China must live up to its WTO commitments. It must protect and vigorously enforce
intellectual property rights. It must increasingly open its markets to foreign
competition - for its own good as well as for ours. And it must introduce greater
transparency in regulation and observe the rule of law. Through the Strategic
Economic Dialogue, and through the various economic dialogues that we have with
China, the Administration will continue to press very hard in all of these areas.

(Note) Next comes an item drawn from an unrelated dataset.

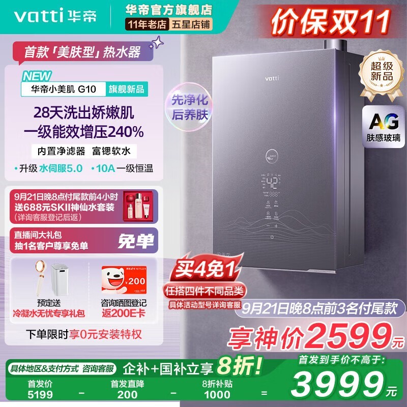 华帝小美肌G10燃气热水器大促低至3839元

Mr. Chairman, America's economy and workers benefit significantly from our trade
with China. China is our fourth-largest export market. Our exports to China have
increased more than 350 percent over the last decade - six times the growth of our
exports to the rest of the world. And nearly half of our exports to China are capital
goods, including high-value-added goods such as civilian aircraft, electrical
machinery, and medical devices.
I believe strongly that a healthy Chinese economy, growing without large external
imbalances, is of vital interest to the people of the United States, to the people of
China, and to the global economy as a whole. More currency flexibility in the short
term and a fully market-determined, floating RMB in the intermediate term are
essential to accomplish that goal. So is restructuring the Chinese economy so that
domestic consumption demand - not exports - fuels China's growth. Broad
structural changes are necessary to have a major impact on our trade deficit with
China.
The next round of the SED will take place here in Washington in May. I understand
that your constituents are very concerned about the impact of our relationship with
China on their jobs and their livelihoods. I want to work with you as I prepare for
these discussions. China is a big and important part of the world economy. It needs
a currency whose value is determined in an open, competitive marketplace, and an
economy that supports more balanced, stable growth.
I look forward to working with the members of this distinguished committee on the
many important issues we have before us. And I now welcome your questions.